Cushman and his colleague Eric Nauman have co-founded IFBattery Inc. to commercialize the technology. “The battery does two things: it produces electricity and it produces hydrogen. That is important because most hydrogen powered cars run on a 5,000 or 10,000 PSI tank, which can be dangerous,” said Michael Dziekan, senior engineer for IFBattery. “This system generates hydrogen as you need it, so you can store safe hydrogen at pressures of 20 or 30 PSI instead of 10,000.” Unlike most flow batteries, the new technology requires no membrane to keep different liquids separate.
“Historically, flow batteries have not been competitive because of the low energy density,” Cushman says. “For example, conventional flow batteries have an energy density of about 20 watt hours per kilogram. A lithium-ion battery runs on 130 or 140 watts per kilogram. Our flow battery has the potential to run between five and 10 times that amount.” Whether that is 5 to 10 times more than a traditional flow battery or a lithium-ion battery is not clear in the Phys.org report.

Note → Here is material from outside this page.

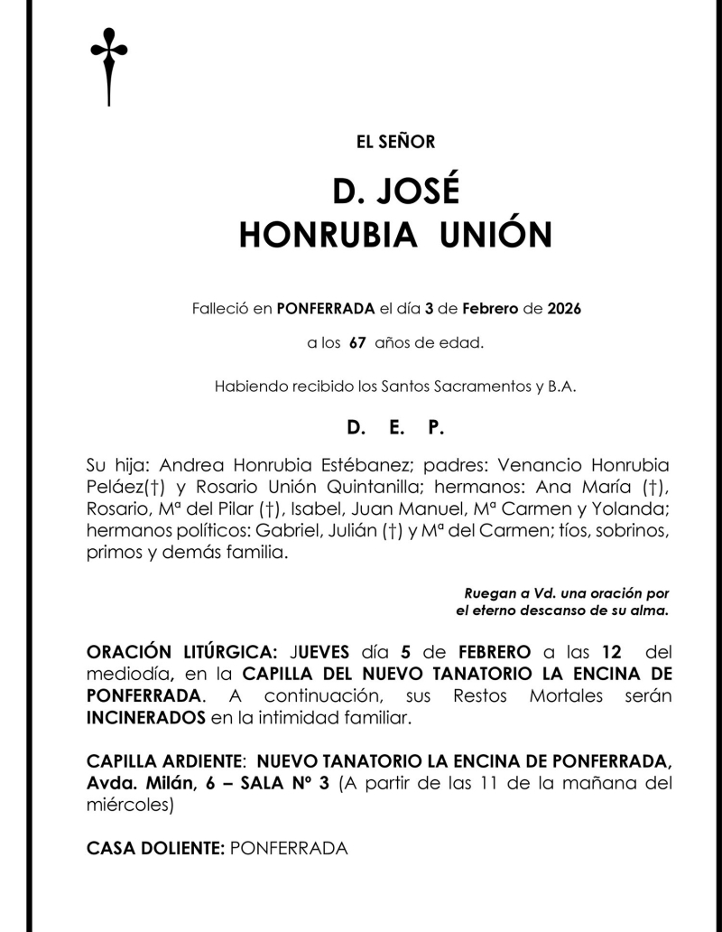 Esquelas JOSÉ HONRUBIA UNIÓN Redacción Infobierzo 04 de Febrero de 2026 Actualizado: 04 de Febrero de 2026 a las 19:05 Comentarios Guardar JOSÉ HONRUBIA UNIÓN JOSÉ HONRUBIA UNIÓN Temas Esquelas Ponferrada Esquelas Bierzo Esquelas

Let’s assume it is the former and not the latter.
“Conventional electric cars like Tesla have lithium-ion batteries that are usually plugged in overnight. Our flow battery uses a water-based single fluid that can run the car like it is a gas engine except it is not burning anything — it’s like a hybrid of a battery and a gas,” Nauman says.
The single fluid technology oxidizes the anode to produce electrons, and through a reduction at the cathode, it generates the current of energy to power vehicles. The oxidant is a macro-molecule that lives in the electrolyte, but is reduced only at the cathode. “We are at the point now where we can generate a lot of power. More power than you would ever guess could come out of a battery like this,” Cushman said.
The spent battery fluids or electrolytes can be collected and taken to a solar farm, wind turbine installation, or hydroelectric plant for recharging. “It is the full circle of energy with very little waste,” Cushman said. “IFBattery’s components are safe enough to be stored in a family home, are stable enough to meet major production and distribution requirements and are cost-effective.”
Battery swapping schemes, new synergies between supercapacitors and batteries, and solid state batteries — all are ideas that could have a major impact on the zero emissions transportation sector. The bottom line, as always, will be cost. Replacing an anode is projected to be a $65 proposition. Rapid oil change facilities could easily repurpose themselves to fill tanks with electrolyte and installing fresh anodes. Conventional gas stations could also transition to the new technology. They already have 100 years of experience with tanks and pumps.
No high pressures are involved, no batteries to store and swap out, no risks of fire after a collision, no multi-million dollar hydrogen refueling stations to build. The single flow concept makes a lot of sense and deserves a closer look. It if can lead to lower emissions from the transportation sector and is affordable, it could make an important contribution to zero emissions travel.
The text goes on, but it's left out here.